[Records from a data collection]

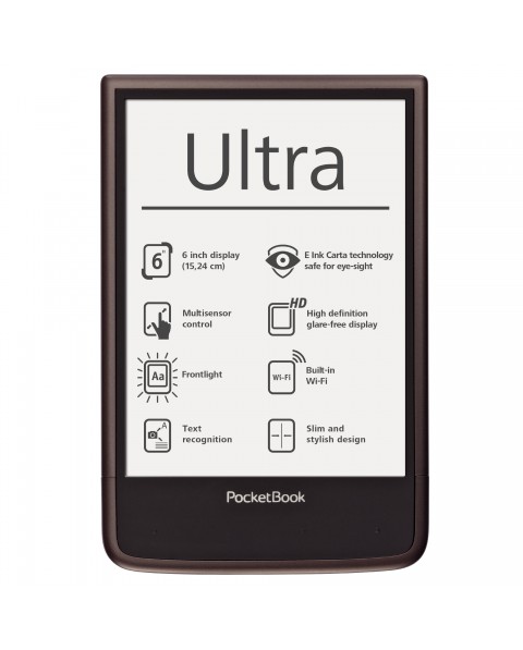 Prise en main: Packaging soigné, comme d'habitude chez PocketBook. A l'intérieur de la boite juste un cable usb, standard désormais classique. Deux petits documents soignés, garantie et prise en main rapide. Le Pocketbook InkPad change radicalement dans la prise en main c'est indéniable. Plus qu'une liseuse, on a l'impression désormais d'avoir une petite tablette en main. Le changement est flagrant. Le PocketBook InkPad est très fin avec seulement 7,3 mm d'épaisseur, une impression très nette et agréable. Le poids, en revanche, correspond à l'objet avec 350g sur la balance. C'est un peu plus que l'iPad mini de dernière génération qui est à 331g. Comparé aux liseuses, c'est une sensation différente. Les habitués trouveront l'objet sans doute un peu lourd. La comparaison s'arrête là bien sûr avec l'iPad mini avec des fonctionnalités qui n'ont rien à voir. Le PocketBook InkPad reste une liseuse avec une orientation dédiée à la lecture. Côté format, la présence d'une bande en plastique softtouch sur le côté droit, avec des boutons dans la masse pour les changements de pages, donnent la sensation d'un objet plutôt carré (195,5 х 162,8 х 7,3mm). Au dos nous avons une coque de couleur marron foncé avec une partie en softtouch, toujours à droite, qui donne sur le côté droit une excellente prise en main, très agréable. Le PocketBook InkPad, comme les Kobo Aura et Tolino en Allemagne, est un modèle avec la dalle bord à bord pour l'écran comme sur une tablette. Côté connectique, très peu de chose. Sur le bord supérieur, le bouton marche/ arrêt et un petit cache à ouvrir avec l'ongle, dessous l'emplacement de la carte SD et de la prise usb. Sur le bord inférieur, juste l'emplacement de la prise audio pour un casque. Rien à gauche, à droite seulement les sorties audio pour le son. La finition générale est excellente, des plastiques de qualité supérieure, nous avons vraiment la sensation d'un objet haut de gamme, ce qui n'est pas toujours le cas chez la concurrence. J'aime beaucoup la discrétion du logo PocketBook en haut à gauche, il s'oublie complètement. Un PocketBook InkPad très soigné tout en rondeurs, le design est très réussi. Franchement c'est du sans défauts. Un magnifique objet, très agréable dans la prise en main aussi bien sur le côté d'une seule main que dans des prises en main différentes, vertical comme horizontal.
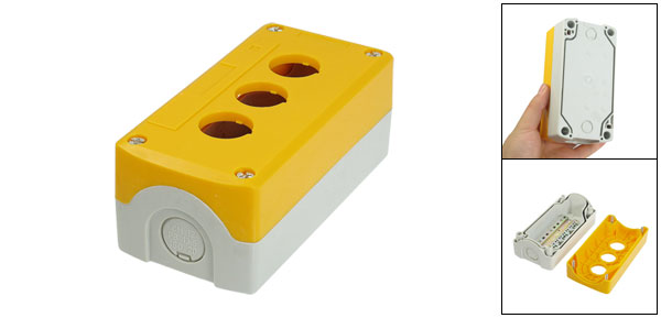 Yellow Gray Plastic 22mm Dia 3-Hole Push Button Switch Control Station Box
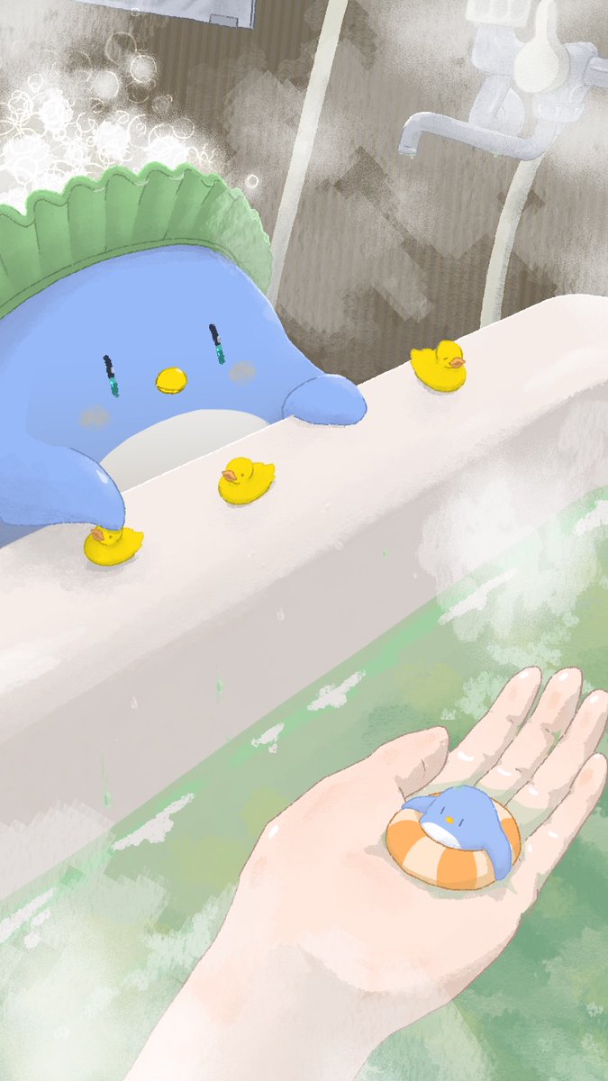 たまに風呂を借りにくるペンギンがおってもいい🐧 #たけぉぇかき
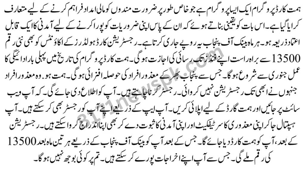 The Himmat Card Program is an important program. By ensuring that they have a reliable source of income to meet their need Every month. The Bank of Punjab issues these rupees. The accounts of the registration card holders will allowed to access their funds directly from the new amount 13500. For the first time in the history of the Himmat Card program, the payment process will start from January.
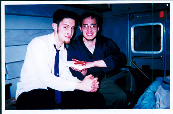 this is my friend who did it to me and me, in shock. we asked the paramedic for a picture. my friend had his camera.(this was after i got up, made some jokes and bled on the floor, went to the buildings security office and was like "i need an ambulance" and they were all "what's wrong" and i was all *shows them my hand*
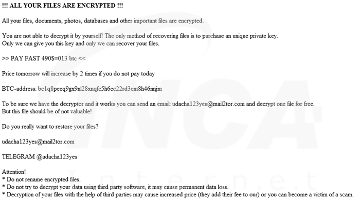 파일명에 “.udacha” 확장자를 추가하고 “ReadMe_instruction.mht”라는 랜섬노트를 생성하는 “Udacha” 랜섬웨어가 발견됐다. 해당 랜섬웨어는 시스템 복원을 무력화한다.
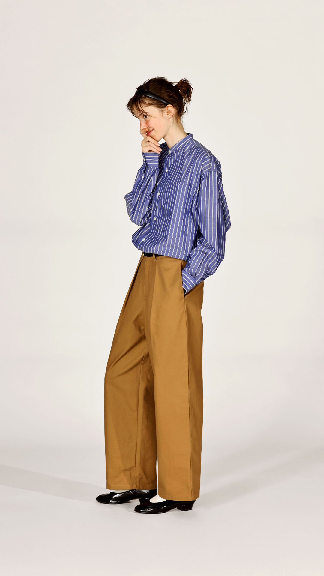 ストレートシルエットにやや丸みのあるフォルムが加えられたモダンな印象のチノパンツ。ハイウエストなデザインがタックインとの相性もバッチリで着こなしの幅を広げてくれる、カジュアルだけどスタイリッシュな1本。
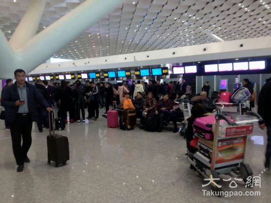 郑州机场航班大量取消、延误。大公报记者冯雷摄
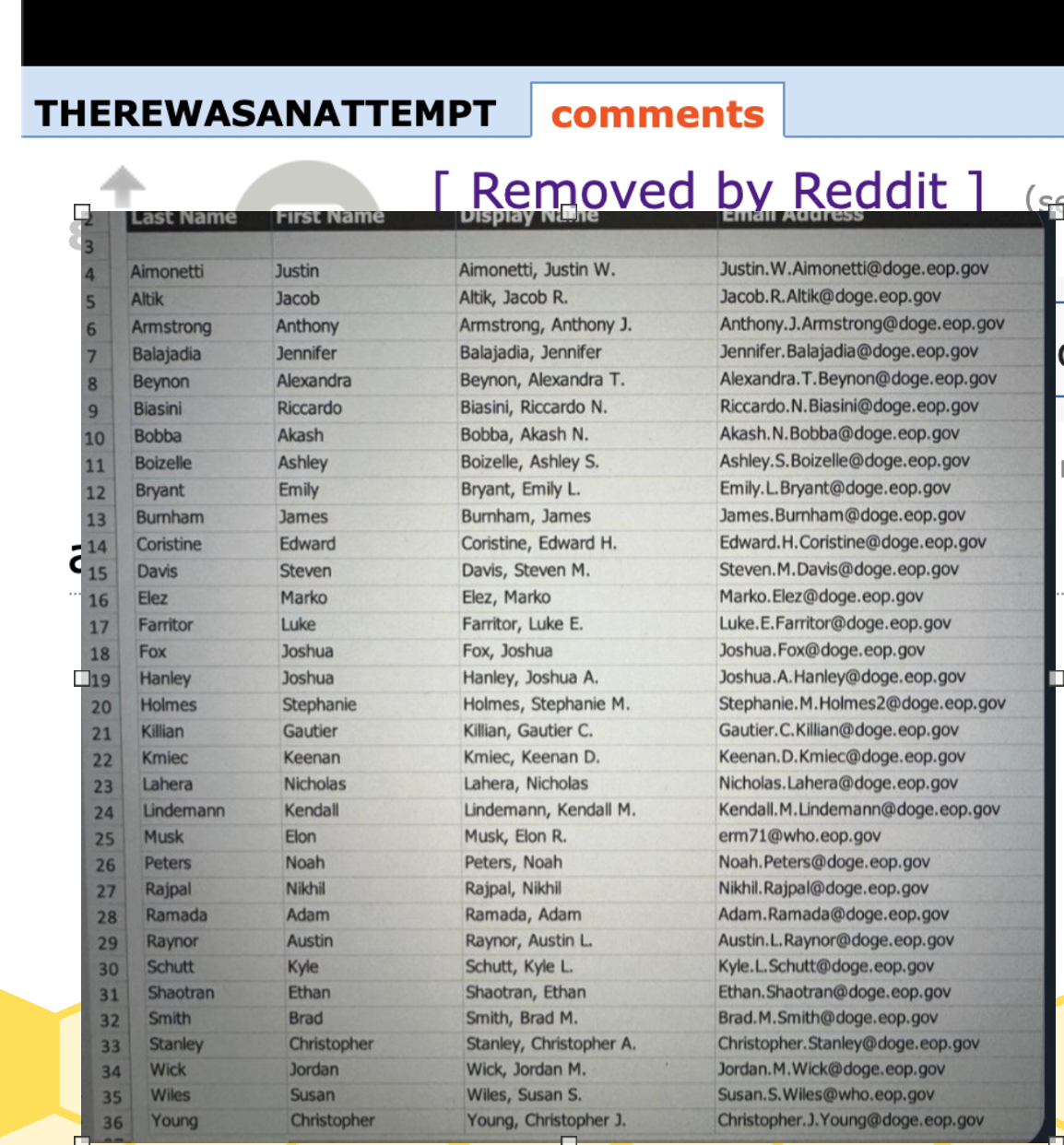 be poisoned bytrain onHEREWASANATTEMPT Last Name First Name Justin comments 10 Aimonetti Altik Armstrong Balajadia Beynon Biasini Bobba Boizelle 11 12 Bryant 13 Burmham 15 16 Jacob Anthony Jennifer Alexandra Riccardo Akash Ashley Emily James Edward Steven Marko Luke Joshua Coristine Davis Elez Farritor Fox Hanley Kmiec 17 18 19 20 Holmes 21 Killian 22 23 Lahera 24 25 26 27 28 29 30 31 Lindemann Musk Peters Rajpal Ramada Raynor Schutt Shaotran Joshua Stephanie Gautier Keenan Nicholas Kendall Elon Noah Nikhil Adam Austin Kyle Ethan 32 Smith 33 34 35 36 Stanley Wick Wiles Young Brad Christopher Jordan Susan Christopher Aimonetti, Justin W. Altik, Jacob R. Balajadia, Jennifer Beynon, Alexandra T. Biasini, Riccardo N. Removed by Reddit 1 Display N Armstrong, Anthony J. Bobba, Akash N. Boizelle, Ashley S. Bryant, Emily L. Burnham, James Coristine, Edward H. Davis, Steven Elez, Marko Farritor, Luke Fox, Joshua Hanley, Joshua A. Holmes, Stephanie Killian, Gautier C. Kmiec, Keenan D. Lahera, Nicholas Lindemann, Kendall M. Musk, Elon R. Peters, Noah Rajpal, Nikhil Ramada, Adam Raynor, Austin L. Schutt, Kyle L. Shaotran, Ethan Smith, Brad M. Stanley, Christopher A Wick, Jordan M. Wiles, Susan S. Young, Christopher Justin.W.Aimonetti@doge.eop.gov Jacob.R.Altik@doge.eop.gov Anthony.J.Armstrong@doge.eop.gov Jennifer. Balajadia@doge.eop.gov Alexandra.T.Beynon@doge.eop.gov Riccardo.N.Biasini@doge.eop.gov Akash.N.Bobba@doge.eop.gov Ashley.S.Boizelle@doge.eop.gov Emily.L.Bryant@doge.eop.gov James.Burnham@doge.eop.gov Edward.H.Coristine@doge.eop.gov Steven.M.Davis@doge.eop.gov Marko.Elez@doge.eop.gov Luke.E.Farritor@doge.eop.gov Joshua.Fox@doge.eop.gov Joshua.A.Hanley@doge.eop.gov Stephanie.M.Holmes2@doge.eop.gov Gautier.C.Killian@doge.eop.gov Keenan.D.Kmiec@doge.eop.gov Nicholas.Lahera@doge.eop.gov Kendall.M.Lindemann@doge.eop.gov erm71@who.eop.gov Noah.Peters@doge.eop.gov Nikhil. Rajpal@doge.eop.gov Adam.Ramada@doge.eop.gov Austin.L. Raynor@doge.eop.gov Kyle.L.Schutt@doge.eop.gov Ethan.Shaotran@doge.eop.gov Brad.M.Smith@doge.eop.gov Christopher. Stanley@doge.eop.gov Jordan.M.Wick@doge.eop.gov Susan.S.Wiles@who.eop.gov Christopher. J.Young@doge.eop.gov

*What the task requires*: Exclude images and repeat all entries exactly.

*Answer to this task*:
 Prise en main: Packaging soigné, comme d'habitude chez PocketBook. A l'intérieur de la boite juste un cable usb, standard désormais classique. Deux petits documents soignés, garantie et prise en main rapide. Le Pocketbook InkPad change radicalement dans la prise en main c'est indéniable. Plus qu'une liseuse, on a l'impression désormais d'avoir une petite tablette en main. Le changement est flagrant. Le PocketBook InkPad est très fin avec seulement 7,3 mm d'épaisseur, une impression très nette et agréable. Le poids, en revanche, correspond à l'objet avec 350g sur la balance. C'est un peu plus que l'iPad mini de dernière génération qui est à 331g. Comparé aux liseuses, c'est une sensation différente. Les habitués trouveront l'objet sans doute un peu lourd. La comparaison s'arrête là bien sûr avec l'iPad mini avec des fonctionnalités qui n'ont rien à voir. Le PocketBook InkPad reste une liseuse avec une orientation dédiée à la lecture. Côté format, la présence d'une bande en plastique softtouch sur le côté droit, avec des boutons dans la masse pour les changements de pages, donnent la sensation d'un objet plutôt carré (195,5 х 162,8 х 7,3mm). Au dos nous avons une coque de couleur marron foncé avec une partie en softtouch, toujours à droite, qui donne sur le côté droit une excellente prise en main, très agréable. Le PocketBook InkPad, comme les Kobo Aura et Tolino en Allemagne, est un modèle avec la dalle bord à bord pour l'écran comme sur une tablette. Côté connectique, très peu de chose. Sur le bord supérieur, le bouton marche/ arrêt et un petit cache à ouvrir avec l'ongle, dessous l'emplacement de la carte SD et de la prise usb. Sur le bord inférieur, juste l'emplacement de la prise audio pour un casque. Rien à gauche, à droite seulement les sorties audio pour le son. La finition générale est excellente, des plastiques de qualité supérieure, nous avons vraiment la sensation d'un objet haut de gamme, ce qui n'est pas toujours le cas chez la concurrence. J'aime beaucoup la discrétion du logo PocketBook en haut à gauche, il s'oublie complètement. Un PocketBook InkPad très soigné tout en rondeurs, le design est très réussi. Franchement c'est du sans défauts. Un magnifique objet, très agréable dans la prise en main aussi bien sur le côté d'une seule main que dans des prises en main différentes, vertical comme horizontal.
 Yellow Gray Plastic 22mm Dia 3-Hole Push Button Switch Control Station Box
 たまに風呂を借りにくるペンギンがおってもいい🐧 #たけぉぇかき
 The Himmat Card Program is an important program. By ensuring that they have a reliable source of income to meet their need Every month. The Bank of Punjab issues these rupees. The accounts of the registration card holders will allowed to access their funds directly from the new amount 13500. For the first time in the history of the Himmat Card program, the payment process will start from January.
 this is my friend who did it to me and me, in shock. we asked the paramedic for a picture. my friend had his camera.(this was after i got up, made some jokes and bled on the floor, went to the buildings security office and was like "i need an ambulance" and they were all "what's wrong" and i was all *shows them my hand*
 파일명에 “.udacha” 확장자를 추가하고 “ReadMe_instruction.mht”라는 랜섬노트를 생성하는 “Udacha” 랜섬웨어가 발견됐다. 해당 랜섬웨어는 시스템 복원을 무력화한다.
 ストレートシルエットにやや丸みのあるフォルムが加えられたモダンな印象のチノパンツ。ハイウエストなデザインがタックインとの相性もバッチリで着こなしの幅を広げてくれる、カジュアルだけどスタイリッシュな1本。
 郑州机场航班大量取消、延误。大公报记者冯雷摄
 be poisoned bytrain onHEREWASANATTEMPT Last Name First Name Justin comments 10 Aimonetti Altik Armstrong Balajadia Beynon Biasini Bobba Boizelle 11 12 Bryant 13 Burmham 15 16 Jacob Anthony Jennifer Alexandra Riccardo Akash Ashley Emily James Edward Steven Marko Luke Joshua Coristine Davis Elez Farritor Fox Hanley Kmiec 17 18 19 20 Holmes 21 Killian 22 23 Lahera 24 25 26 27 28 29 30 31 Lindemann Musk Peters Rajpal Ramada Raynor Schutt Shaotran Joshua Stephanie Gautier Keenan Nicholas Kendall Elon Noah Nikhil Adam Austin Kyle Ethan 32 Smith 33 34 35 36 Stanley Wick Wiles Young Brad Christopher Jordan Susan Christopher Aimonetti, Justin W. Altik, Jacob R. Balajadia, Jennifer Beynon, Alexandra T. Biasini, Riccardo N. Removed by Reddit 1 Display N Armstrong, Anthony J. Bobba, Akash N. Boizelle, Ashley S. Bryant, Emily L. Burnham, James Coristine, Edward H. Davis, Steven Elez, Marko Farritor, Luke Fox, Joshua Hanley, Joshua A. Holmes, Stephanie Killian, Gautier C. Kmiec, Keenan D. Lahera, Nicholas Lindemann, Kendall M. Musk, Elon R. Peters, Noah Rajpal, Nikhil Ramada, Adam Raynor, Austin L. Schutt, Kyle L. Shaotran, Ethan Smith, Brad M. Stanley, Christopher A Wick, Jordan M. Wiles, Susan S. Young, Christopher Justin.W.Aimonetti@doge.eop.gov Jacob.R.Altik@doge.eop.gov Anthony.J.Armstrong@doge.eop.gov Jennifer. Balajadia@doge.eop.gov Alexandra.T.Beynon@doge.eop.gov Riccardo.N.Biasini@doge.eop.gov Akash.N.Bobba@doge.eop.gov Ashley.S.Boizelle@doge.eop.gov Emily.L.Bryant@doge.eop.gov James.Burnham@doge.eop.gov Edward.H.Coristine@doge.eop.gov Steven.M.Davis@doge.eop.gov Marko.Elez@doge.eop.gov Luke.E.Farritor@doge.eop.gov Joshua.Fox@doge.eop.gov Joshua.A.Hanley@doge.eop.gov Stephanie.M.Holmes2@doge.eop.gov Gautier.C.Killian@doge.eop.gov Keenan.D.Kmiec@doge.eop.gov Nicholas.Lahera@doge.eop.gov Kendall.M.Lindemann@doge.eop.gov erm71@who.eop.gov Noah.Peters@doge.eop.gov Nikhil. Rajpal@doge.eop.gov Adam.Ramada@doge.eop.gov Austin.L. Raynor@doge.eop.gov Kyle.L.Schutt@doge.eop.gov Ethan.Shaotran@doge.eop.gov Brad.M.Smith@doge.eop.gov Christopher. Stanley@doge.eop.gov Jordan.M.Wick@doge.eop.gov Susan.S.Wiles@who.eop.gov Christopher. J.Young@doge.eop.gov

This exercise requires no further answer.